Along with community news, Deer’s paper focuses on national news and native politics. But like many other native newspapers, The Eastern Door rarely provides analysis in its stories. For instance, the paper’s coverage of the Mohawk Roundtable negotiations between the chiefs of Kahnawake, Kanehsatake and Akwesasne explained the meetings and their purpose but neglected to question the motives of the people involved or note the larger impact of the Roundtable on native self-government initiatives.

Lately, however, Deer has been making the paper progressively tougher. One of the biggest stories in Kahnawake last year was the policing agreement between the Mohawk Peacekeepers and external police forces. Initially, the paper’s reporter at the time, E.J. Diabo, wrote stories that basically followed the public-relations statements of the Peacekeepers and the government.

But Deer took over the coverage after September 11, when the agreement was signed amid protests and vandalism. His cover story attempted to put it all in perspective. “The impact of the agreement, the vandalism and the images of violence in the media, have caused the community to take a hard look at itself,” he wrote. “Those opposed to the agreement say … that it erodes the jurisdiction and authority of the Mohawk People…. The Mohawk Council of Kahnawake say that the agreement only recognizes what is already in place.”

The article is not only the kind of clear, in-depth story that The Eastern Door needs more of, it also shows how Deer’s writing has matured.

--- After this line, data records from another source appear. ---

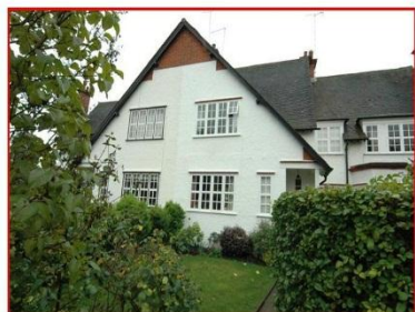
Sold - Meadvale Road

Leading independent Estate Agents, successfully selling Brentham properties for over 49 years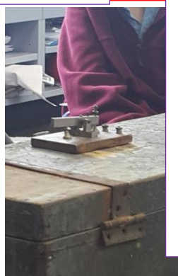
This week, Madison's mum visited our class with different special artifacts which were used or bought back from WW1 and WW2. This linked directly to our ANZAC Day learning. Thank you for sharing your family history with us!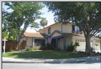
4804 Knox Gate Court, Pleasanton 4bd/2.5ba, 2125 sq. ft. court location Offered at $849,000

The editorial on the next page bluntly begins: “All the justification and rationalization in the community just doesn’t wash…. Violence is insidious.” This is a major shift from Deer’s very first editorial, where he took a safe middle line on the tradition shooting guns off to celebrate New Year’s Eve, suggesting that blanks be used instead. In other recent editorials, Deer has taken a stronger stand on such topics as the mainstream media and the image of native people outside the reserve.

While the effectiveness of The Eastern Door and other native publications may be up for discussion, their necessity is not. Both native and non-native critics of the mainstream media say that not enough coverage of native issues, but what is printed and broadcast usually portrays native people as violent, unlawful and dependent on government. Gerald Alfred thinks most coverage is implicitly negative, and while “the important things are development in our capacity to govern ourselves, resolution of land claims and peaceful accommodations made between whites and Indians, these things are never heard about unless- they go wrong, unless they cost people money.” Susan Oke has watched non native journalists at work in Kanehsatake and noticed that “they don’t know what the real issue is, they don’t know what questions to ask and whom to ask, and that’s why their coverage is not really accurate.”

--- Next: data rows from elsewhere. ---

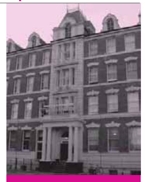
St Leonard's Hospital will become one of the government's new polyclinics

The project, From Fever to Consumption – the Story of Healthcare in Hackney, will look at how these institutions developed and the significance of their architectural design. We also plan to train volunteers in oral history techniques so they can interview former doctors, nurses and patients to help inform this study. Over the next 12 months we will also be organising special walks, tours and creative writing sessions; and developing a community history website and online education resources for teachers.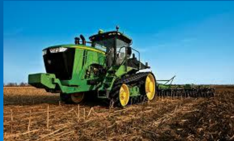
Combustion System Improvement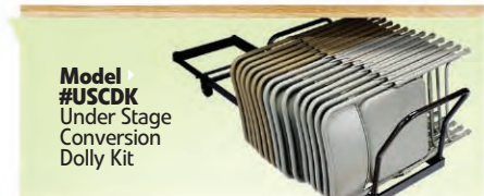
Model #USCDK Under Stage Conversion Dolly Kit

INSIDE WIDTH: 19" W WITH A 2" LIP TO ACCOMMODATE CHAIRS 15 1/4" W – 19" W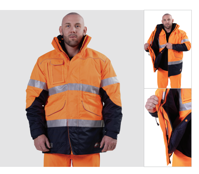
Wet Weather Jacket Remove the inner lining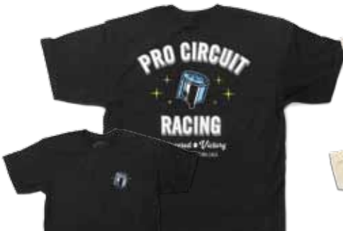
PISTON TEE $24.00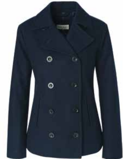
W'S YALE PEA COAT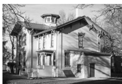
Tanner House Museum

The Aurora Area Retired Teachers' Association (AARTA) has been working for retired teachers in Kane County for over fifty years. Due to their continued interest in education, members of the AARTA created the Aurora Area Retired Teachers' Association Scholarship Fund to assist students attending a two-year college, or a professional, trade or vocational school. Eligibility is restricted to students who reside within the Community Foundation service area and within the boundaries of the following school districts: East Aurora 131, West Aurora 129, Kaneland 302, Batavia 101, Geneva 304 or St. Charles 303. The AARTA, which is the local unit of the Illinois Retired Teachers' Association, has over 400 members. In addition to providing this scholarship, members create and distribute lap blankets to residents of area care centers.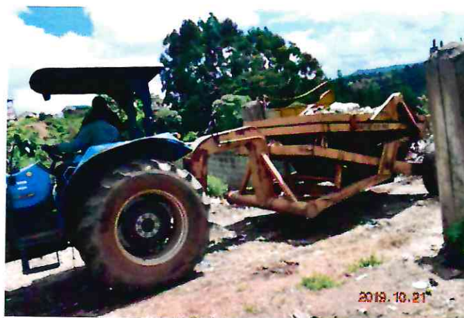
Figure 1 transportation of solid waste to dumpsite

Waste transportation is largely rudimentary using open modified tractor and only within kapenguria and Makutano townships. These poor transportation modes have led to littering, making waste an eye-sore, particularly plastics in the environment. Disposal of waste in the county remains a major challenge because the county lacks proper and adequate disposal sites. There is only one designated site which practice open dumping of mixed waste as it lacks appropriate technologies and disposal facilities.

Covering world, national, provincial and local news for Kahnawake has always been Deer’s goal, but with his limited resources, it has never been easy. The paper has fallen short of critical expectacations from both inside and outside the reserve. Deer and his staff also think the paper could be better. “I’d like to see more news,” Deer says. “I want to carry more news from the Internet, network more with other the outside.” He thinks of TheEaster Door should get connected to native papers and cover more stories in Kanehsatake and Akwesasne. But he is also very proud of his paper.” The Eastern Door is special because the Mohawks are special. Because Kahnawake is unique, the newspaper has to be unique. Kahnawake is on the cutting edge of a lot of issues. People look at it to see what Mohawk people are all about.”

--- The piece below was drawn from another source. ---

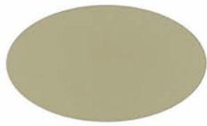
PORTABELLO UC105733/5MN86918 PD200008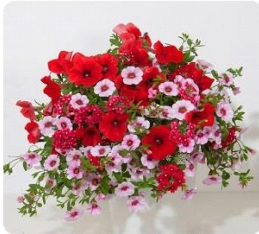
NEW Trixi Coco Bello

For further information on any of the varieties please contact our Customer Services team or your local Technical Sales Representative.

Deer’s leisurely drive around Kahnawake on Friday mornings creates a weekly tide of excitement. “Did you see what was in The Eastern Door?” is echoed across the reserve. The delivery of the paper marks the end of a week of rumours about who was responsible for the car crash in the middle of town, what the chief thought about a local conflict or how federal legislation will affect native people. Deer has tried to make the paper a mirror of the community, and has succeeded also in reflecting his own ideas not those of an opinionated activist-but of the fatherly, traditional peacemaker that is the best of Kahnawake and the best part of himself.